Dataset START

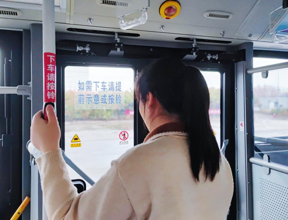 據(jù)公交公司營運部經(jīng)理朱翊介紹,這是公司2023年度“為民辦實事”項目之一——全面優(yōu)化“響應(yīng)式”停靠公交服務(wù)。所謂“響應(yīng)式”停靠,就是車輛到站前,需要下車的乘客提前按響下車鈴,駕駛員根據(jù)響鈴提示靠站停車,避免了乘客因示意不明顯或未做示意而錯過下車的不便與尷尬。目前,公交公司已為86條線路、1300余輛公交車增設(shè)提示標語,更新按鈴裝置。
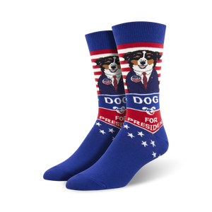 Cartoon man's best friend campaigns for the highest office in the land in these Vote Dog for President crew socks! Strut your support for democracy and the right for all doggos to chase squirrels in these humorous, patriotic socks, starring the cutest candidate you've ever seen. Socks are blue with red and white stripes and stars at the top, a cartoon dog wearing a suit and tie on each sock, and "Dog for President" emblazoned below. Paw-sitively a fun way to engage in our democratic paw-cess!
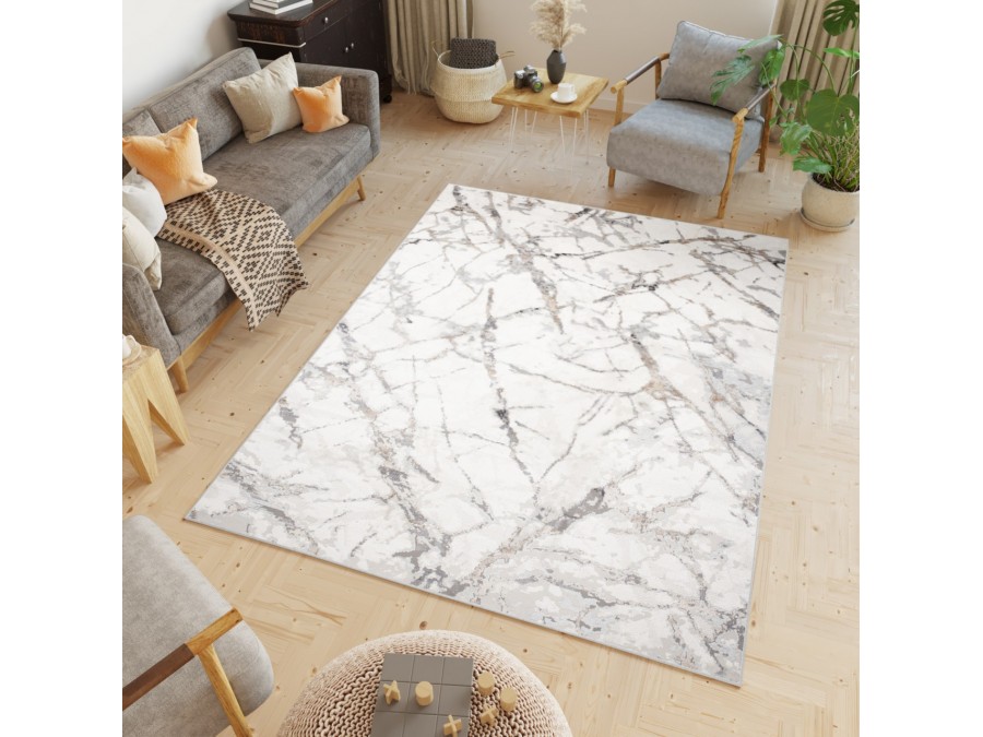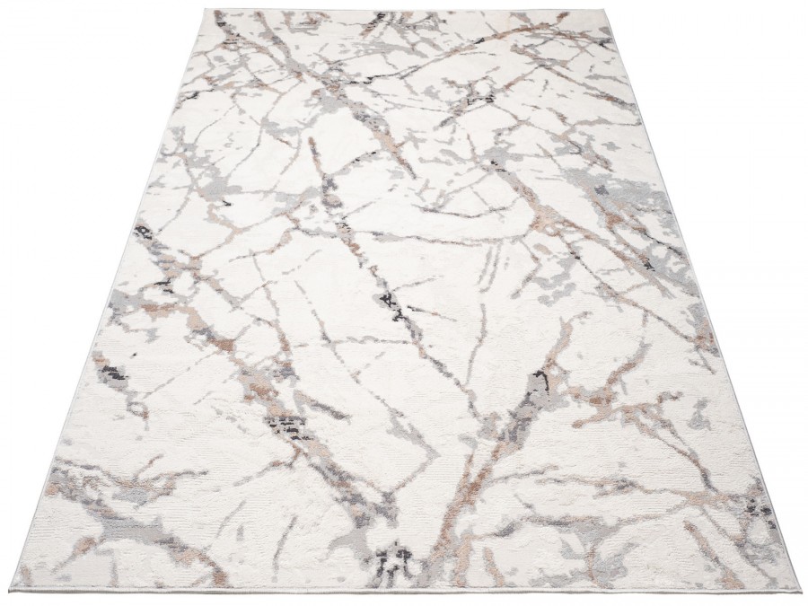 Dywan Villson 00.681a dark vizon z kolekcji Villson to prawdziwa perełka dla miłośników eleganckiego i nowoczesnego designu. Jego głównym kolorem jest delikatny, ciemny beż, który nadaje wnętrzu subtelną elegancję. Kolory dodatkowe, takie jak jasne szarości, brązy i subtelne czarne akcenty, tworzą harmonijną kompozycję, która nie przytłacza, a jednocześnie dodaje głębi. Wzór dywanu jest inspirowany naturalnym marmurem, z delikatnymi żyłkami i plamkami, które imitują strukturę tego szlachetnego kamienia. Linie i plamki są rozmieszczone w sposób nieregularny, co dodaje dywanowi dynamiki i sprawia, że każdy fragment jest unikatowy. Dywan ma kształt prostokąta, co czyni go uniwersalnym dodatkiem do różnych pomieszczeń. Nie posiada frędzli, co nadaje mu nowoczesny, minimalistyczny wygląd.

Dataset END
Dataset START

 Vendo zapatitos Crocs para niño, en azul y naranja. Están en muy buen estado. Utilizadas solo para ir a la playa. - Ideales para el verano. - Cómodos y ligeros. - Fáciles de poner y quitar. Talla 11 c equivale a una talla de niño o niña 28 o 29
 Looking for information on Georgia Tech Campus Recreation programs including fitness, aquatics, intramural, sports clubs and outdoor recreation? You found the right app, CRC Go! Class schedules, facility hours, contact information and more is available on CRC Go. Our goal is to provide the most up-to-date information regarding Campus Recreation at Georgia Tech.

Dataset END

• _What this task involves_: Copy the entries above exactly, but only the stretch from the line containing "據(jù)公交公司營運部經(jīng)理" through the line containing "Dywan Villson 00.681a". Keep both end lines; drop the pictures.

• _Answer section_:
 據(jù)公交公司營運部經(jīng)理朱翊介紹,這是公司2023年度“為民辦實事”項目之一——全面優(yōu)化“響應(yīng)式”停靠公交服務(wù)。所謂“響應(yīng)式”停靠,就是車輛到站前,需要下車的乘客提前按響下車鈴,駕駛員根據(jù)響鈴提示靠站停車,避免了乘客因示意不明顯或未做示意而錯過下車的不便與尷尬。目前,公交公司已為86條線路、1300余輛公交車增設(shè)提示標語,更新按鈴裝置。
 Cartoon man's best friend campaigns for the highest office in the land in these Vote Dog for President crew socks! Strut your support for democracy and the right for all doggos to chase squirrels in these humorous, patriotic socks, starring the cutest candidate you've ever seen. Socks are blue with red and white stripes and stars at the top, a cartoon dog wearing a suit and tie on each sock, and "Dog for President" emblazoned below. Paw-sitively a fun way to engage in our democratic paw-cess!
 Dywan Villson 00.681a dark vizon z kolekcji Villson to prawdziwa perełka dla miłośników eleganckiego i nowoczesnego designu. Jego głównym kolorem jest delikatny, ciemny beż, który nadaje wnętrzu subtelną elegancję. Kolory dodatkowe, takie jak jasne szarości, brązy i subtelne czarne akcenty, tworzą harmonijną kompozycję, która nie przytłacza, a jednocześnie dodaje głębi. Wzór dywanu jest inspirowany naturalnym marmurem, z delikatnymi żyłkami i plamkami, które imitują strukturę tego szlachetnego kamienia. Linie i plamki są rozmieszczone w sposób nieregularny, co dodaje dywanowi dynamiki i sprawia, że każdy fragment jest unikatowy. Dywan ma kształt prostokąta, co czyni go uniwersalnym dodatkiem do różnych pomieszczeń. Nie posiada frędzli, co nadaje mu nowoczesny, minimalistyczny wygląd.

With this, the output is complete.